Federal and state programs provide some relief. The Low Income Home Energy Assistance Program distributed approximately $35 million to Maine in recent years, helping around 33,000 households with heating costs. The state’s Weatherization Assistance Program, managed through MaineHousing and delivered via nine community action agencies, averaged 299 completed projects annually from 2010 through 2021 using federal formula funding.
The numbers reveal the gap. Tens of thousands receive fuel assistance that covers a portion of their annual heating costs. Hundreds receive weatherization improvements that permanently reduce fuel consumption. Wait times for weatherization services stretch beyond a year in many counties.
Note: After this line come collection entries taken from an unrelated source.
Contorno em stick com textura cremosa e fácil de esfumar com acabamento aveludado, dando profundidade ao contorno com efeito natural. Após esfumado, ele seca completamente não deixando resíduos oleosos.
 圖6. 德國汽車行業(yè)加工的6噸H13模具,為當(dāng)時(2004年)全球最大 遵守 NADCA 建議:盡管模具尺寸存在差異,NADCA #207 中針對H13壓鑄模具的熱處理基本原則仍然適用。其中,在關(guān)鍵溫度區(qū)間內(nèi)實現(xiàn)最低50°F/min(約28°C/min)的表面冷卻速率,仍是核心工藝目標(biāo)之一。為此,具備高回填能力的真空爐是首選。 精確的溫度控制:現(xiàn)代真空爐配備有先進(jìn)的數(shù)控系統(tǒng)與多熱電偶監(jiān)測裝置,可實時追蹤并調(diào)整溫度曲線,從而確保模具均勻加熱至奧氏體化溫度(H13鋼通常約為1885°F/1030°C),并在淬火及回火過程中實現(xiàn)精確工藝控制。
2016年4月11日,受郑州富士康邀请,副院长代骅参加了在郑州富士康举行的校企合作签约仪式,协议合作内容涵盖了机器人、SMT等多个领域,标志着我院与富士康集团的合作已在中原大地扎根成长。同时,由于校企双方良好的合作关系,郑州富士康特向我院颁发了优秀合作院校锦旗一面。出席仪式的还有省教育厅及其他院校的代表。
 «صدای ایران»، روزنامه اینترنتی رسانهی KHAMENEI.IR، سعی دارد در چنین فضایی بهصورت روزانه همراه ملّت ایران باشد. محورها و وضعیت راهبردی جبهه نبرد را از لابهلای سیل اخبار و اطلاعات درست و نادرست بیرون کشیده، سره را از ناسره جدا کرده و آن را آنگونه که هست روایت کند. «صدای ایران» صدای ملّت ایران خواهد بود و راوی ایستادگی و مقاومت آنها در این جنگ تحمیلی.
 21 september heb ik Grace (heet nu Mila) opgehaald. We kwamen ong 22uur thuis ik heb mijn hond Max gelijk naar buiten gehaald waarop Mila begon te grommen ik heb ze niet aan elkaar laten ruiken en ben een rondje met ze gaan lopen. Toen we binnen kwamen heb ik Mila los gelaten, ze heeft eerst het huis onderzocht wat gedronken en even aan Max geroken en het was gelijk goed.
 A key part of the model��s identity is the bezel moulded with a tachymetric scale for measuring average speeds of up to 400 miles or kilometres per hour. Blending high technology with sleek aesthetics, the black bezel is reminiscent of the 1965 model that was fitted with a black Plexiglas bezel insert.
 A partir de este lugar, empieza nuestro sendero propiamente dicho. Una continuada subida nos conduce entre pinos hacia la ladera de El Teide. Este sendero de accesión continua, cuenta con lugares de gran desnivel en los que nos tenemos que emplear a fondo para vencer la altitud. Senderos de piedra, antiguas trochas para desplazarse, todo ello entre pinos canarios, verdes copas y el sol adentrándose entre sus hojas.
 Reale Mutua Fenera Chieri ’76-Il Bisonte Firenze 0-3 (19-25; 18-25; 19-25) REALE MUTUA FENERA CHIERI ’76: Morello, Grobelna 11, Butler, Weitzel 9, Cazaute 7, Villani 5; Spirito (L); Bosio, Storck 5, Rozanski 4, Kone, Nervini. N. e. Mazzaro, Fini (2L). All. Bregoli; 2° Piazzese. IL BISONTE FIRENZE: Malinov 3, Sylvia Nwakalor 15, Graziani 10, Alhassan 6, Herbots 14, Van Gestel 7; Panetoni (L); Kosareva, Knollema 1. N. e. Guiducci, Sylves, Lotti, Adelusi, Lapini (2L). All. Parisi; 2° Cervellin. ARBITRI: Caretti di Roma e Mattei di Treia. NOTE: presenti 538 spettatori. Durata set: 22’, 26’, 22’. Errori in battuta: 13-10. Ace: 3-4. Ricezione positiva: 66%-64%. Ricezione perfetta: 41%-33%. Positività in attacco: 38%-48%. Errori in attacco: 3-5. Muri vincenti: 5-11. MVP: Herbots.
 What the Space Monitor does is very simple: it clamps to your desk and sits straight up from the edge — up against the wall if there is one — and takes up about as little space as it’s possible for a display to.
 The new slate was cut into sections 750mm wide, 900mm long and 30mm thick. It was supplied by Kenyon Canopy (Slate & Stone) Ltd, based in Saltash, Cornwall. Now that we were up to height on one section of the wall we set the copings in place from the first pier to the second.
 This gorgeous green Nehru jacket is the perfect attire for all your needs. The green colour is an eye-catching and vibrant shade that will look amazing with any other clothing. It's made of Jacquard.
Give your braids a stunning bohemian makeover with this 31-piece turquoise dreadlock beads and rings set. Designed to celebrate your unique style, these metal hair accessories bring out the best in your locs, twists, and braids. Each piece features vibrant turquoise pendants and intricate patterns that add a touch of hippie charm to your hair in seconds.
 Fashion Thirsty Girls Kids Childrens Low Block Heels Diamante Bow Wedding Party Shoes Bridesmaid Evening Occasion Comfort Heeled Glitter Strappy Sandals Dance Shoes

Volunteer programs have emerged to address part of this shortfall. Organizations like Window Dressers operate community workshops where volunteers build insulating window inserts that can save a typical home 105 gallons of heating fuel annually. Waterville Area Habitat for Humanity runs a weatherization program providing up to $600 in materials installed by volunteer labor, aiming to reduce air leaks and energy consumption by 25 percent or more.
These efforts rely on people with construction skills or technical backgrounds who can donate time on weekends. Yehuda Gittelson, a 28-year-old solar installer from Portland, volunteers three Saturdays each month with a Cumberland County weatherization group. His mechanical engineering background and daily work installing solar panels translate to understanding building science, thermal dynamics, and the practical aspects of sealing and insulating homes.
“The physics is straightforward,” Gittelson says. “Heat moves from warm spaces to cold spaces. Insulation slows that movement. Air sealing stops it from escaping through cracks. Most of these older houses have never had either done properly.”
The work involves less sophisticated equipment than his solar installations require. Caulk guns. Expanding foam. Fiberglass batts. Weather stripping. Door sweeps. The materials cost a few hundred dollars per house. A volunteer crew can complete basic weatherization in a single day, addressing the most obvious heat loss points without tearing into walls or replacing major systems.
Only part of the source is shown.